━━ DATA

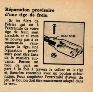 Réparation provisoire d’une tige de frein
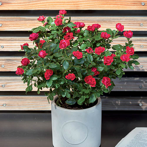 'Zepeti' is a triumph of rose breeding from the House of Meilland in France, created to be incredibly resilient as well as beautiful. This miniature rose has lush, dark green glossy foliage and dazzling, bright red semi-double flowers that are produced in clusters. The fragrant flowers are small at 5 cm (2 in) across but are intensely coloured, and 'Zepeti' is very free flowering, producing abundant blooms continuously from May until October. 'Zepeti' is exceptionally resistant to fungal diseases such as powdery mildew and black spot and is also extremely tolerant of both summer heat and winter frosts. This makes it an incredibly robust rose that will always perform well. As a miniature rose, it is very well suited to growing in a pot, where it makes a stunning focal point, particularly because its leaves and flowers always look so immaculate. Planted in the garden, it also looks good growing amongst small shrubs and perennials. Supplied as a freshly potted, professional quality plant in a 3L pot, growing to a height and spread of 60 cm (2 ft).
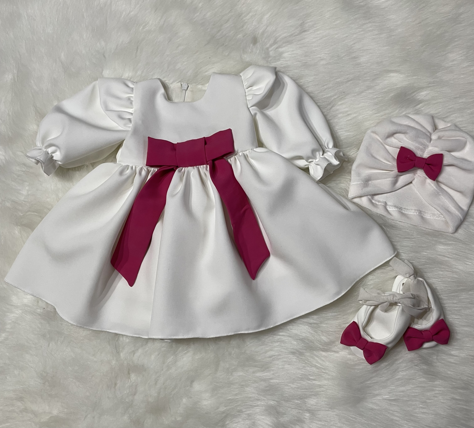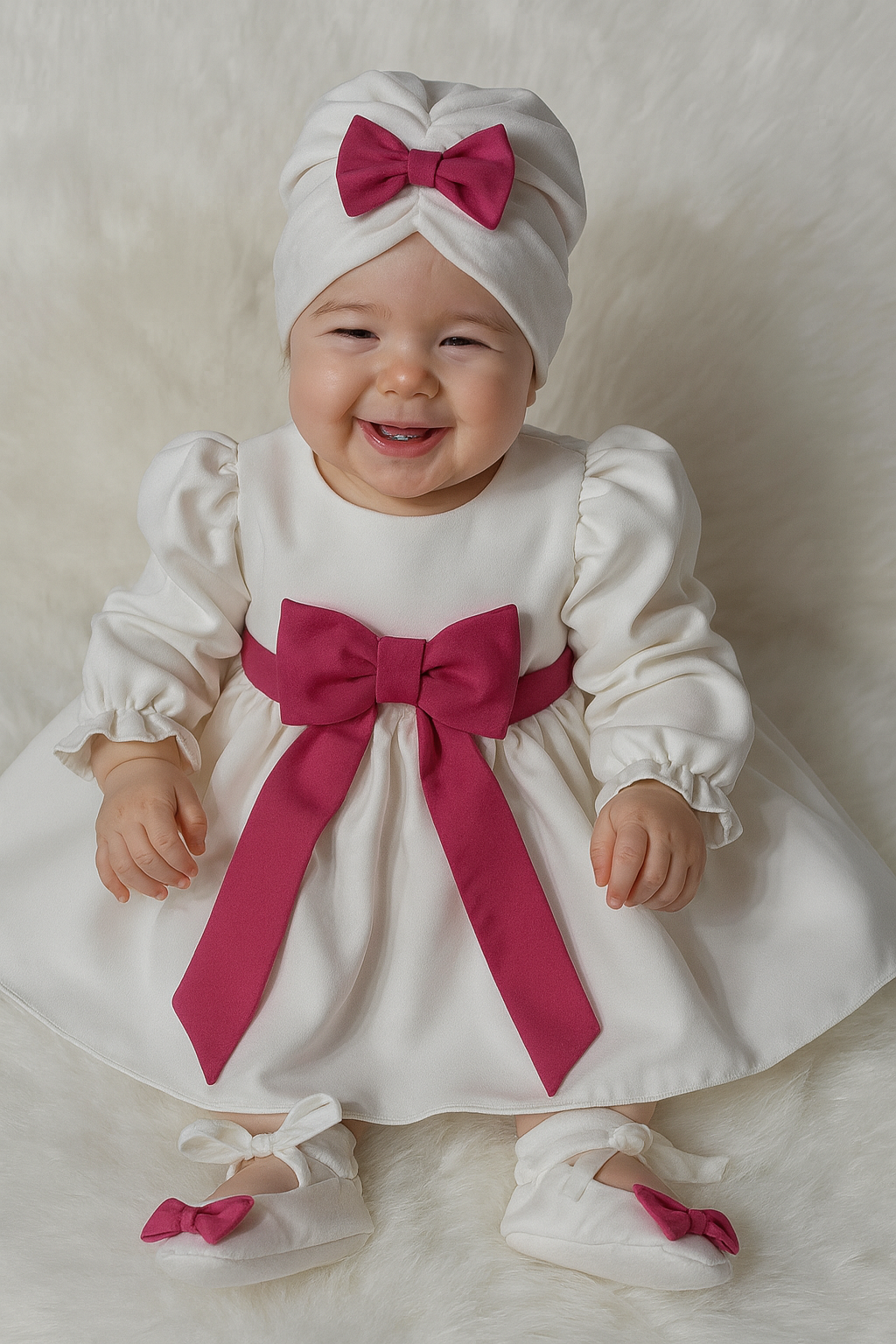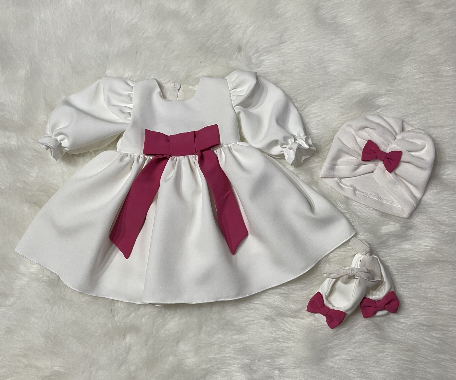 Transformă fiecare moment special într-o amintire de neuitat cu acest set adorabil pentru fetițe! Rochița ivoire, cu croi fluid și mâneci lungi, este realizată dintr-un crep fin, delicat. Funda fuchsia elegantă oferă un accent fermecător, perfect pentru fotografii și evenimente deosebite.
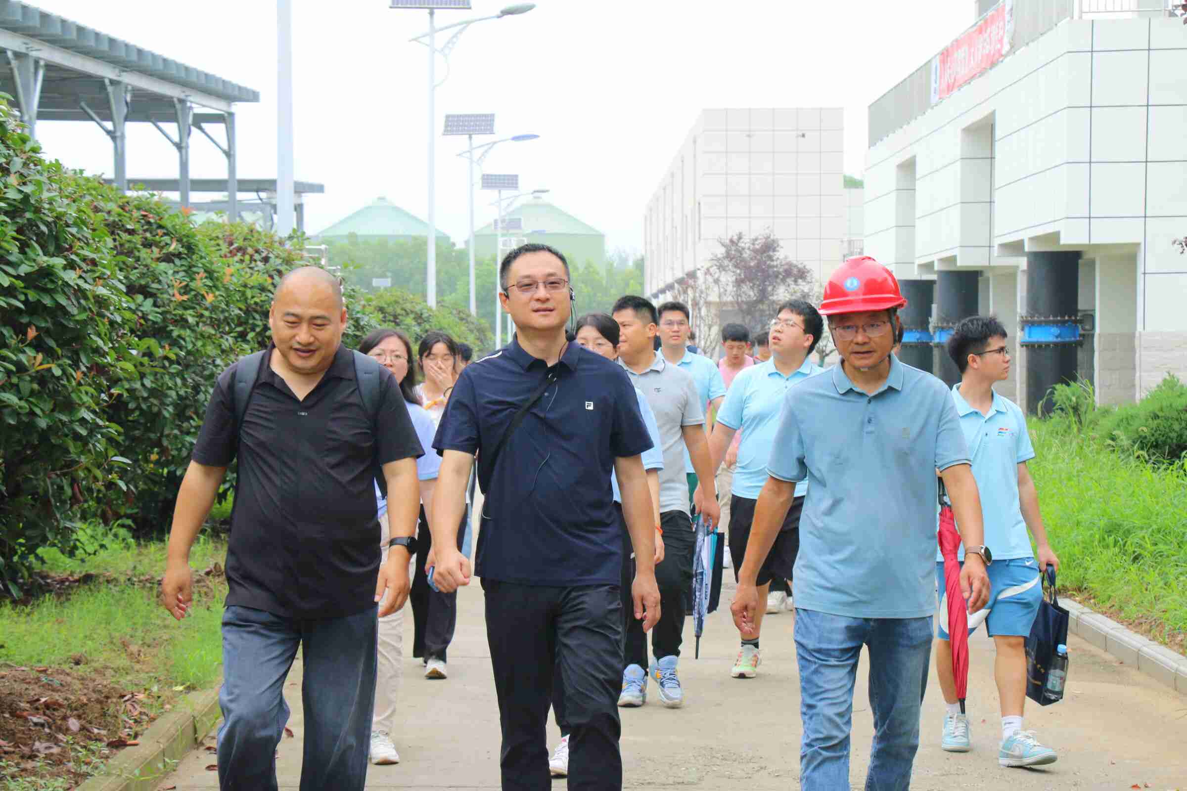 圖為城北污水凈化廠廠長(zhǎng)鄭文勝(右一)帶領(lǐng)同學(xué)們參觀城北污水凈化廠廠長(zhǎng)。通訊員 鄧以諾 攝
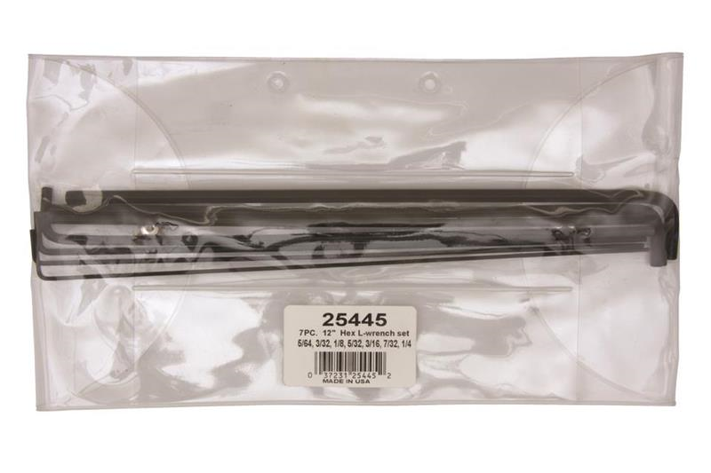 Hex Tip Hex Key L-wrench Set of 7 Piece with ProGuard™ Finish. 12" Long Arm. In Pouch. Includes: 5/64", 3/32", 1/8", 5/32", 3/16", 7/32", & 1/4"
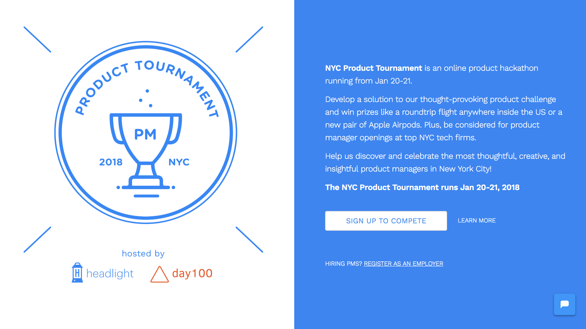 In January of 2018, we announced the NYC Product Tournament in partnership with Day100, a psychology-based hiring tech platform. The goal of the tournament was to help identify who were the top PM’s in the greater NYC area and help tech employers find their next product hire.

━━━━

» PROBLEM:
Please transcribe the material above exactly as written. Leave the pictures out.

» EXERCISE RESPONSE:
 Réparation provisoire d’une tige de frein
 'Zepeti' is a triumph of rose breeding from the House of Meilland in France, created to be incredibly resilient as well as beautiful. This miniature rose has lush, dark green glossy foliage and dazzling, bright red semi-double flowers that are produced in clusters. The fragrant flowers are small at 5 cm (2 in) across but are intensely coloured, and 'Zepeti' is very free flowering, producing abundant blooms continuously from May until October. 'Zepeti' is exceptionally resistant to fungal diseases such as powdery mildew and black spot and is also extremely tolerant of both summer heat and winter frosts. This makes it an incredibly robust rose that will always perform well. As a miniature rose, it is very well suited to growing in a pot, where it makes a stunning focal point, particularly because its leaves and flowers always look so immaculate. Planted in the garden, it also looks good growing amongst small shrubs and perennials. Supplied as a freshly potted, professional quality plant in a 3L pot, growing to a height and spread of 60 cm (2 ft).
 Transformă fiecare moment special într-o amintire de neuitat cu acest set adorabil pentru fetițe! Rochița ivoire, cu croi fluid și mâneci lungi, este realizată dintr-un crep fin, delicat. Funda fuchsia elegantă oferă un accent fermecător, perfect pentru fotografii și evenimente deosebite.
 圖為城北污水凈化廠廠長(zhǎng)鄭文勝(右一)帶領(lǐng)同學(xué)們參觀城北污水凈化廠廠長(zhǎng)。通訊員 鄧以諾 攝
 Hex Tip Hex Key L-wrench Set of 7 Piece with ProGuard™ Finish. 12" Long Arm. In Pouch. Includes: 5/64", 3/32", 1/8", 5/32", 3/16", 7/32", & 1/4"
 In January of 2018, we announced the NYC Product Tournament in partnership with Day100, a psychology-based hiring tech platform. The goal of the tournament was to help identify who were the top PM’s in the greater NYC area and help tech employers find their next product hire.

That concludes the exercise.